Therefore, by the implicit function theorem, given a fixed active set $ {{\mathbb{A}}}$, for every pair ($ \bar{ \boldsymbol{z}}, \bar{p} $) satisfying $ R_{\mathbb{A}}( \bar{ \boldsymbol{z}}, \bar{p} ) =0 $, there, in the neighborhood of $ \bar{p} $, is a unique function $ \vartheta (\bar{p}) $ such that $ R_{\mathcal{A}}(\vartheta (\bar{p}),\bar{p})=0 $. Therefore, as long as the active set does not change, inserting $ \boldsymbol{z}(p) =\vartheta (\bar{p}) $ shows that $ \boldsymbol{z} $ (and $ \boldsymbol{s}(p) $) are continuously differentiable w.r.t. $ p $.

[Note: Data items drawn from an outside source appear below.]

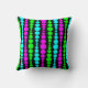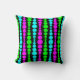 Dieses Kissen hat ein modernes Design von neonrosa, grün und blau abgerundeten Rechtecken in steigender und abnehmender Größe, die vertikal auf einem Feld aus schwarz läuft.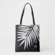 Black tote bag with a large white palm leaf print front and back, and a monogram text area to add your own initials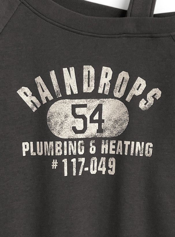 胸元のヴィンテージ感漂うかすれたロゴプリントがアクセント。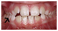 upper front teeth creating a crossbite. Careful monitoring of jaw growth and tooth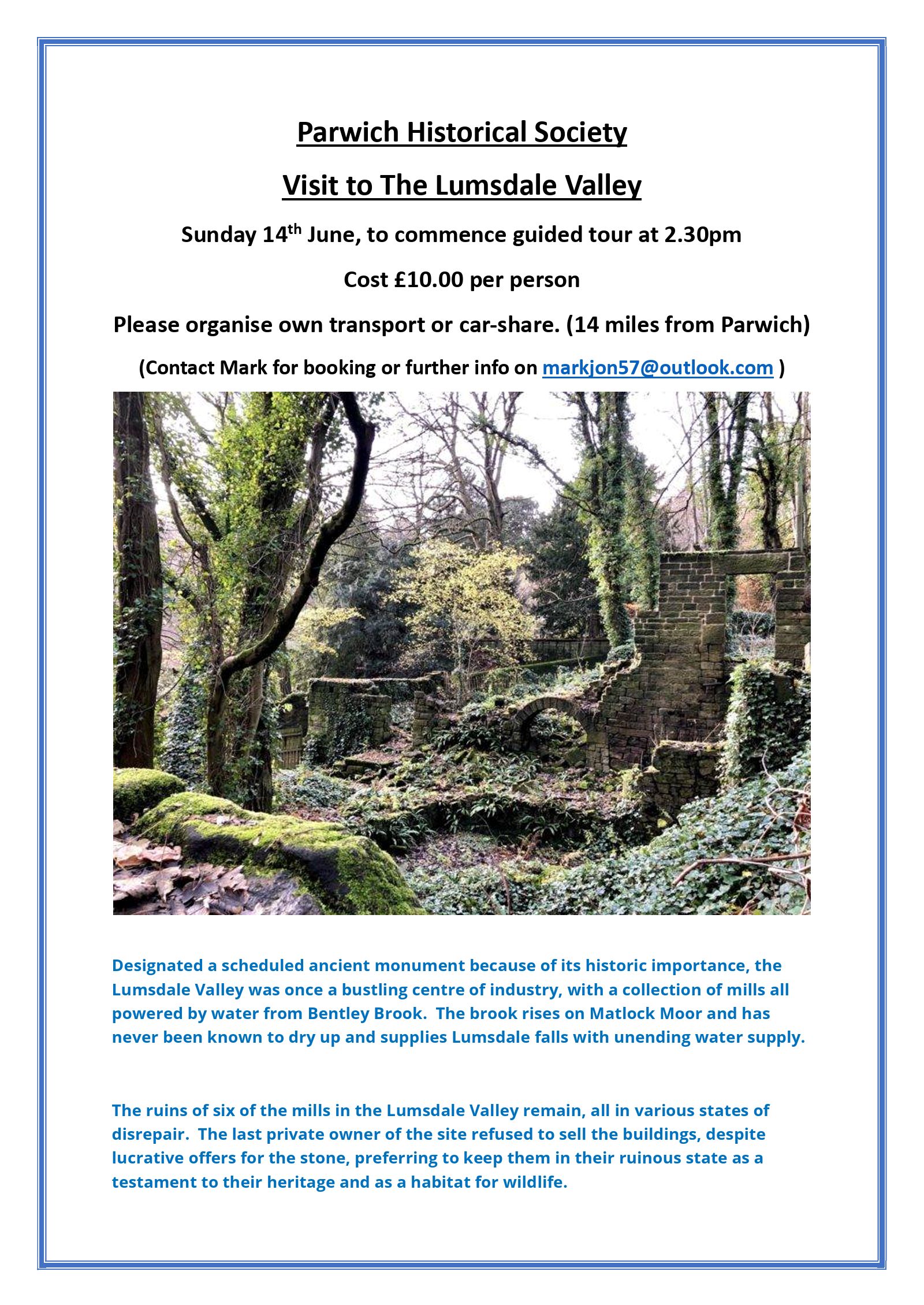 Designated a scheduled ancient monument because of its historic importance, the Lumsdale Valley was once a bustling centre of industry, with a collection of mills all powered by water from Bentley Brook. The brook rises on Matlock Moor and has never been known to dry up and supplies Lumsdale falls with unending water supply. The ruins of six of the mills in the Lumsdale Valley remain, all in various states of disrepair. The last private owner of the site refused to sell the buildings, despite lucrative offers for the stone, preferring to keep them in their ruinous state as a testament to their heritage and as a habitat for wildlife.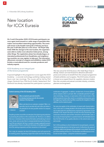 WWW.ICCX.ORGwww.cpi-worldwide.com CPI %u2013 Concrete Plant International %u2013 5 | 2025 13New location for ICCX Eurasia3 - 4 December 2025, Almaty, KazakhstanEURASIA 2025On 3 and 4 December 2025, ICCX Eurasia participants can once again look forward to a wide range of specialist information and excellent networking opportunities. The event will remain in the Kazakh metropolis of Almaty, but from this year it will take place at a new venue %u2013 the Royal Tulip Hotel. With the change to the new location, the organisers were able to realise more attractive ticket prices, among other things. The registration phase has already begun, so interested professionals from Kazakhstan and neighbouring countries can now register to take part. The internationally proven concept of congress and exhibition makes ICCX Eurasia a must-attend event for concrete producers and industry experts.ICCX Academy as an integral part of the lecture programmeA special highlight in the programme is once again the ICCX Academy %u2013 a concrete technology workshop lasting several hours over two mornings. The course will be led by Prof J%u00fcrgen Oecknick from PSA Zurich GmbH, Switzerland. Prof Oecknick has already impressed the participants in previous The new venue for ICCX Eurasia is the Hotel Royal Tulip in Almaty. Visitors can look forward to attractive admission prices and continue to benefit from the compact programme of trade exhibition and congress. The ICCX series of events is known as an expert forum for suppliers, decision-makers from the concrete and precast concrete industry, scientists, planners and engineers.Content summary of the ICCX Academy 2025:When complaints generate benefits %u2013 an industry training course for the concrete industry in five key areasWhen and why do our customers complain? Who is responsible, how do we deal with each other and where is the potential for the best possible solution for everyone involved?Everything revolves around the concrete plant, from planning and production to processing the products on the construction site. The focus is on defects that occur in all phases of the structural formation and hardening of cement stone, mortar and concrete. Much is already decided during the dimensioning of the raw materials. But how is a product manager supposed to prevent quality problems if there is insufficient information on the application potential of the starting components and their interactions in the mixture?This is why, for example, the third ICCX Academy event will examine the far-reaching process engineering impact that could arise from the wrong combination of aggregates. In addition, standard tests of mineral additives will be analysed, which in principle offer considerable potential for application technology. However, an examination of the mode of action in the building material mixture often results in a completely contrary picture, up to the triggering of quality-reducing effects caused by the integration of these additives into the material system.The same also applies to the combination of cement with chemical admixtures. In this case, it is already decided in the binder phase of the final products to what extent the specified process engineering requirements can be achieved in full. Anyone who does not know the exact functioning of the construction chemicals used and their interactions with the binder used, or has no way of measuring these in a practical manner, will ultimately have to bear the full burden of any quality reductions in the cement stone, mortar and concrete.Part 1 of this workshop is a short introduction for new participants, summarising the knowledge gained in the last two events. Furthermore, the causes of complaints, defects and damage will be analysed in more detail. The second part of the workshop will focus on %u201cDiscolouration and efflorescence on mortar and concrete surfaces - a study from construction practice%u201d. J. Oecknick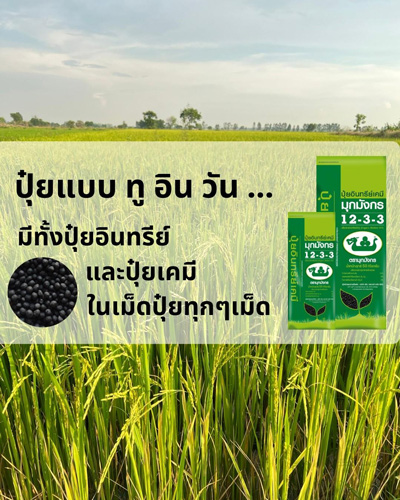 ปุ๋ยสูตร 12-3-3 +อินทรียวัตถุ 10 % ขึ้นไป หรือที่รู้ชื่อ ปุ๋ยอินทรีย์เคมีมุกมังกร การกำหนดสูตรปุ๋ยจะใช้สถิติการดูดซึมธาตุอาหารของพืช และการเคลื่อนย้ายธาตุอาหารไปเลี้ยงส่วนต่าง ๆ ของพืช โดยเน้นกำหนดอัตราส่วนแร่ธาตุไนโตรเจน (N) ที่มากกว่า ฟอสฟอรัส (P) และ โพแทสเซียม (K) ให้เหมาะสมกับความต้องการสารอาหารของพืช ซึ่งปุ๋ยอินทรีย์เคมีสูตร 12-3-3 มีการทดสอบและพิสูจน์แล้ว ว่าสามารถใช้ได้กับพืชผลทางการเกษตรทุกชนิด ทั้งยังช่วยให้คุณภาพของดินกลับมาดีขึ้น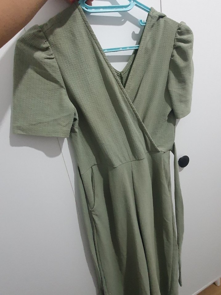 Yeşil renkli tulum, V yaka ve bol kesimle drapeli detaylara sahip. Kısa kollu, yumuşak ve nefes alabilir kumaştan, günlük kullanıma uygun.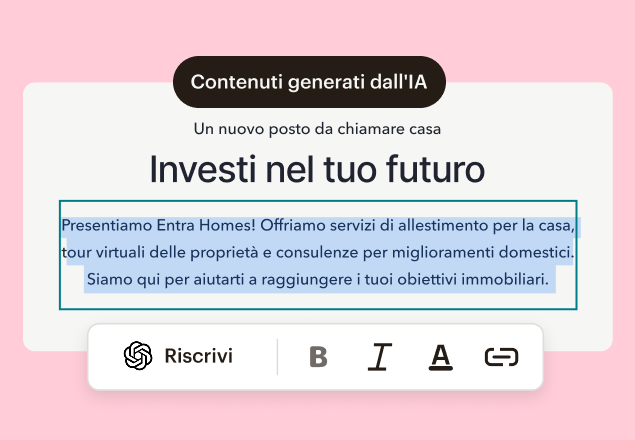 Cerca una generazione di contenuti che comprenda davvero la voce e lo stile del tuo brand. L'AI dovrebbe essere in grado di creare testi e design che corrispondano ai tuoi materiali esistenti, anziché a template generici.
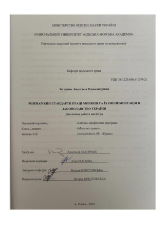 Загорняк, Анастасія (2024) Міжнародні стандарти праці моряків та їх імплементація в законодавство України. [Кваліфікаційна (дипломна) робота]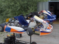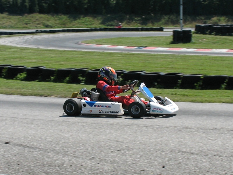 unterteilt werden: Die „4-Takt Gang“ mit ihren 390er Motoren von Honda bestanden aus: Markus Uhrmann, Sepp Schiermeier, Michael bzw. Herbert Grubmüller, Daniel und Franz Gruber. Fabian versuchte sich außerdem erstmals auf seinem neuen Gold Schaltkart. Was am Anfang gar nicht so leicht war, weil sich das Schaltkartfahren doch wesentlich vom „normalen“ Kartfahren unterscheidet. Schon alleine die ganzen Schaltvorgänge fordern dem Fahrer einiges ab. Auch ist es nicht ganz so einfach die ganze Power so eines „Gefährts“ zu kontrollieren. Ein Schaltkart ist eben doch das Non-Plus-Ultra im Rennkartsport und bedarf ausgiebigen Testfahrten. Etwas Pech, schon am ersten Tag, hatten die Webers, weil nach den ersten Testrunden bei Werner die Bremsscheibenaufnahme riss. Somit war ein weiterfahren nicht möglich. Ein Besuch beim Prespo wegen Ersatzteile brachte leider auch keinen Erfolg. Somit blieb ihnen leider nur das zuschauen. Für Simon Scheibenzuber war es auch einer der ersten Einsätze
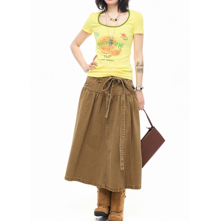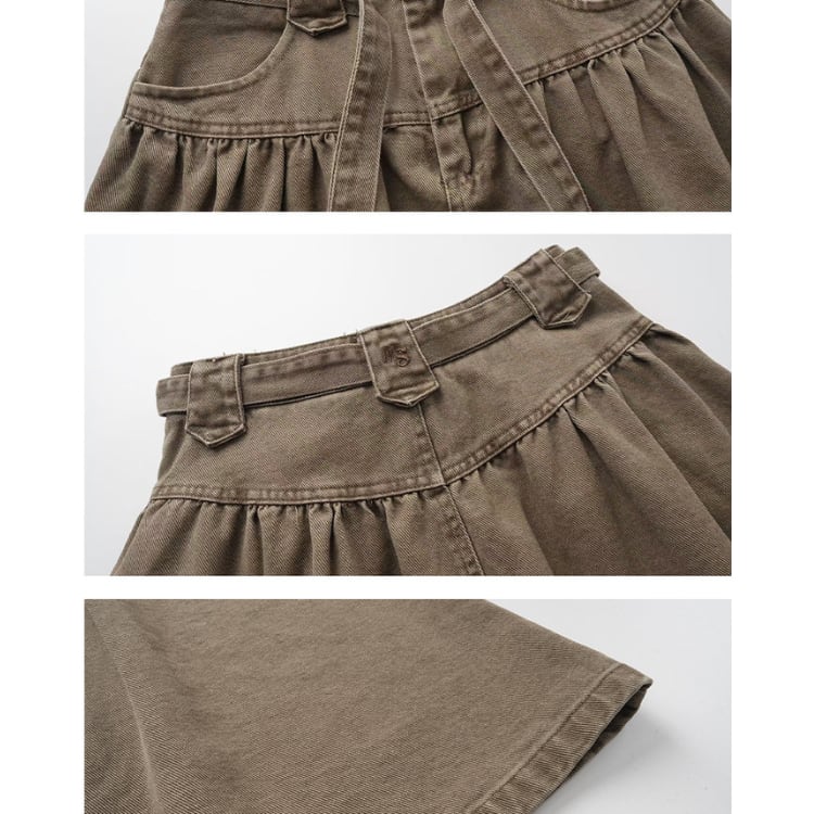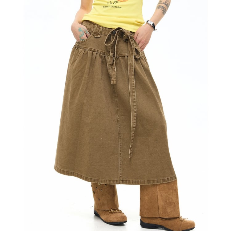 ベルト付き ギャザー Aライン ミモレ スカート L60005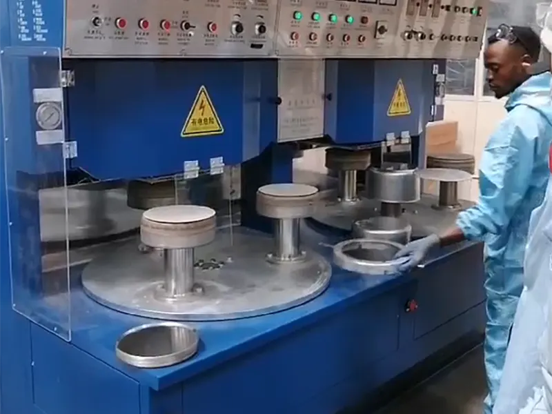 Дат баспас болоттон жасалган идиштерди өндүрүү үчүн түштүк кореялык кардардын катуу күйгүзүүчү машинасы колдонулууда

Step 3 It is now (presumably) established that for a fixed active set, we have $ \mathcal{C}^1 $ continuity. I now want to establish $ \mathcal{C}^0 $ continuity of the whole problem.

$ \frac{\partial \boldsymbol{z}}{\partial p} $ does not exists in cases where the active set change. However, the left and right-handed derivative exists. Thus $ \boldsymbol{{ z}} $ (and $ \boldsymbol{s}(p)$) is piecewise continuously differentiable. From piecewise differentiability, it follows that $ \boldsymbol{s}(p) $ is continuous.

Some specific questions:

-Does the arguments work out/Is there anything missing? I am especially uncertain on the "active set" argument. (to me it appears to make sense to me).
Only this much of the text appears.